Two datasets from two different organs were used to test the proposed atlas of normal tissue and the one-class classifier for normal patch detection.

  • One dataset included a total number of 660 skin tissue WSIs of patients diagnosed with cutaneous squamous cell carcinoma (cSCC) which were pulled from the internal Mayo Clinic database (REDCap). The cases were first identified through enterprise-wide internal search engines which identified patients with a histopathologic diagnosis of cSCC or metastatic cSCC from pathology reports of archived tissue specimens. These cases subsequently underwent chart review to confirm the primary tumor as part of the inclusionary criteria. Samples were either taken at Mayo Clinic locations (Minnesota, Arizona, Florida) or outside facilities and shared with Mayo Clinic for consultation. The tissue may be from either biopsy (punch, shave, etc.) or subsequent excision. All tissue included in the pilot underwent both initial review and re-review by a dermatopathologist at one of the Mayo Clinic sites. The purpose of the re-review was to confirm cSCC, tumor characteristics (depth, differentiation, PNI, etc.), and tumor stage, and to select cases most appropriate for scanning and sequencing.

  • Selected cases included 386 well-differentiated, 100 moderately differentiated, and 67 poorly differentiated cSCC. There were also 107 normal WSIs selected to represent the normal skin tissue. The only associated label used is the degree of differentiation or being normal. A total number of 10 slides were randomly selected from well-differentiated and poorly differentiated cases for internal validation of the normal atlas at the patch level. A pathologist selected the regions with the most prominent abnormal morphology in these slides. The annotations were later used to generate normal and abnormal patches for validation purposes only.
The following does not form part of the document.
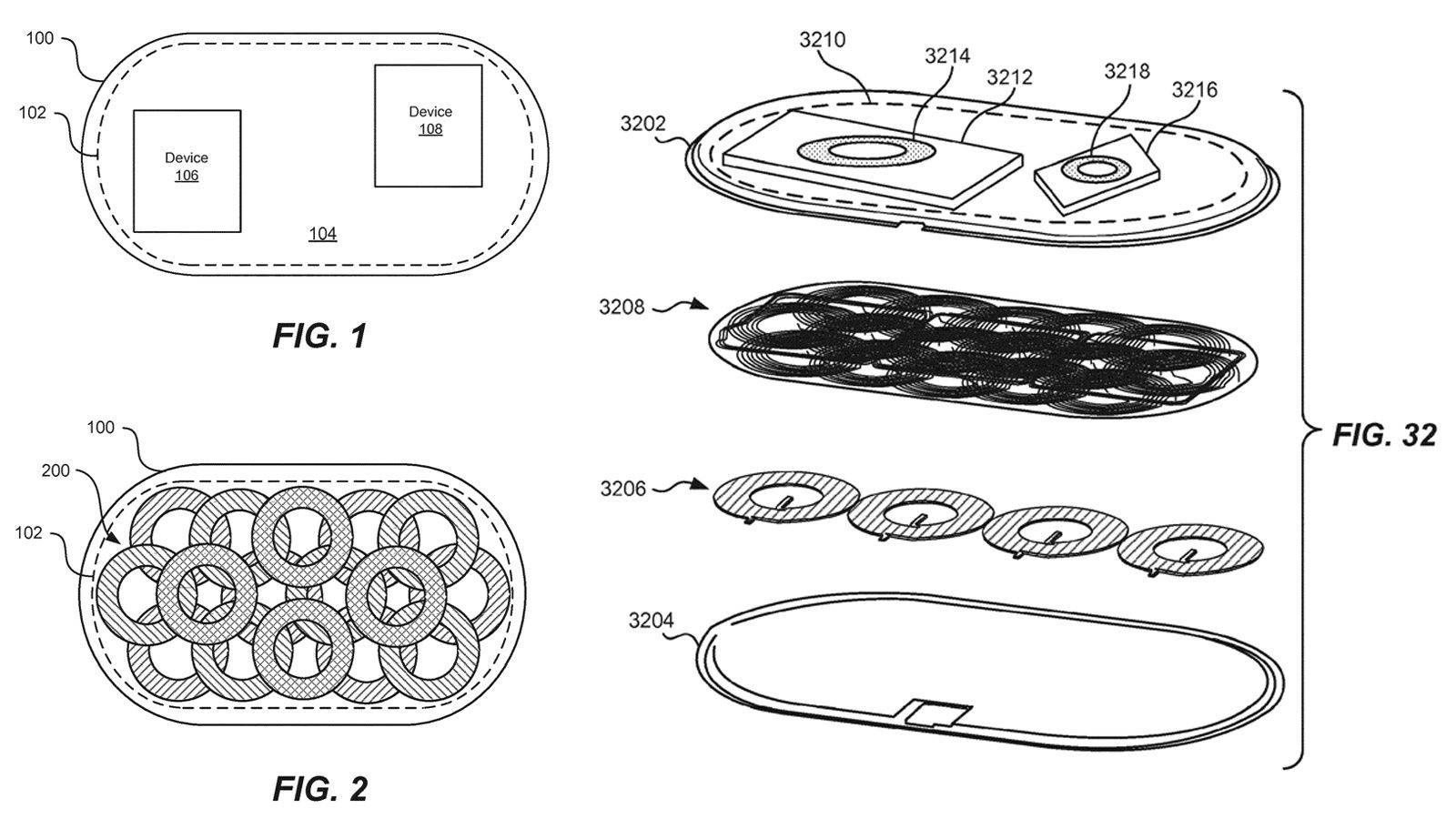 Apple设计了一种非常复杂的机制来实现这两个功能. 传统的无线充电器一般只有1-2套感应线圈,通过电流,在充电线圈与手机内部的线圈之间会产生电磁感应,从而给手机充电. 根据后来披露的专利文件,苹果试图在AirPower中将32个密集线圈彼此叠置. 这样,它们可以同时为多个设备充电,只要将设备放在板上,就可以将其中一个线圈“对齐”以实现充电.

  • The second collected dataset included 21 breast tissue WSIs obtained from 8 patients with no prior diagnosis of breast cancer at the Mayo Clinic. For validation purposes, 78 WSIs from cases with lobular carcinoma of the breast and 354 WSIs from cases with ductal carcinoma of the breast were obtained from the TCGA Research Network. These were all the diagnostic WSIs available on the repository for the two selected medical conditions at the time of collecting the data. Tissue samples from cases with no prior malignancy and no treatment at the time of sampling were selected to imitate the diagnostic pipeline of a deployed model. After data curation and data exploration, 2 WSIs were excluded from the ductal carcinoma class due to not having an object power attribute recorded in their file metadata.

Normal atlas creation

The idea of the normal atlas relies upon leveraging anomaly detection algorithms used in machine learning to detect outliers in a dataset. One-class classifiers are best suited for this task. Due to the complex nature of the data, we selected Isolation Forest20 and one-class SVM21 as the abnormality detection mechanisms in this study. Isolation Forest isolates anomalies by constructing a random forest of decision trees. It identifies outliers by measuring how easily instances can be isolated in the tree structures, where anomalies are expected to require fewer splits to be separated from the majority of the data. One-class SVM, on the other hand, builds a model based on the characteristics of the majority class and then classifies instances as either belonging to that class or being outliers, making it particularly useful when dealing with imbalanced datasets. Both methods were presented with a series of deep features obtained from normal patches. The fitted classifiers were then used to classify normal and abnormal in a given set of deep features they had not seen before. Data preprocessing included tissue segmentation, patching, and color normalization. The tissue segmentation was carried out using an in-house trained U-NET segmentation model. This model is trained on low magnification thumbnails of WSIs only to segment the tissue vs background. This model is not intended to differentiate normal and abnormal parts of the tissue. After removing parts of the WSI with background only, patching was done at 20 × magnification with a patch size of 1024 by 1024 and an overlap of 30% between adjacent patches, both in height and width. A minimum of 75 percent patch area coverage was selected as the criteria for excluding patching with insufficient tissue. All patches were separately fed to three different deep networks to obtain the deep features. These networks included one convolutional neural network with the architecture of DenseNet121 specifically trained on pathology patches named KimiaNet13, one pre-trained vision transformer using a method named DINO, and another convolutional neural network with the architecture of ResNet50 trained using the same DINO approach15.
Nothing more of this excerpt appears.